WHAT NEEDS TO BE DONE
From the listing below, copy only the lines running from the line that contains "The Cascadian Crochet" to the line that contains "NATA Выключатель 2-кл.", both included.

DATA SUPPLIED
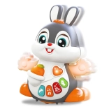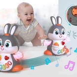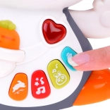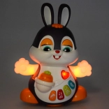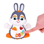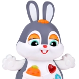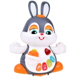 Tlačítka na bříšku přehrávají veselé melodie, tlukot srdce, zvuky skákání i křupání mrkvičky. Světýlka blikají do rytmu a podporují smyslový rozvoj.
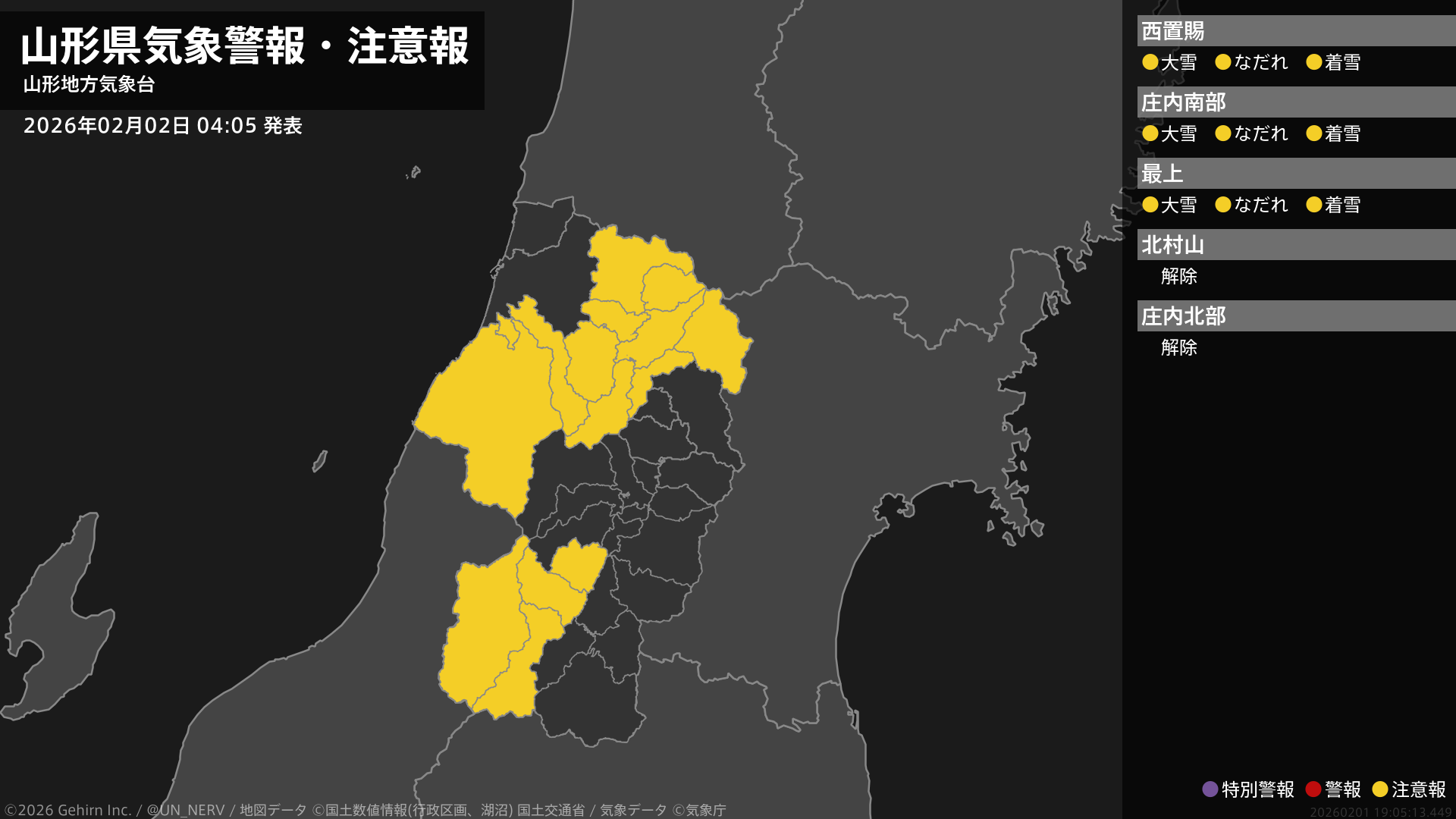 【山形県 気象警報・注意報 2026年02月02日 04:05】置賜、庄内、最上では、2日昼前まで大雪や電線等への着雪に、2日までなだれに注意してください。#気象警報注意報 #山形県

--

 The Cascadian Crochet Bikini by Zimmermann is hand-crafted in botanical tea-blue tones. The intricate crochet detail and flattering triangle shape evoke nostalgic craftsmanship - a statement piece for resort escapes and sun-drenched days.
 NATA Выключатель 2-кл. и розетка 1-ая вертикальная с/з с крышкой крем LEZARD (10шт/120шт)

WRITTEN SOLUTION
 The Cascadian Crochet Bikini by Zimmermann is hand-crafted in botanical tea-blue tones. The intricate crochet detail and flattering triangle shape evoke nostalgic craftsmanship - a statement piece for resort escapes and sun-drenched days.
 NATA Выключатель 2-кл. и розетка 1-ая вертикальная с/з с крышкой крем LEZARD (10шт/120шт)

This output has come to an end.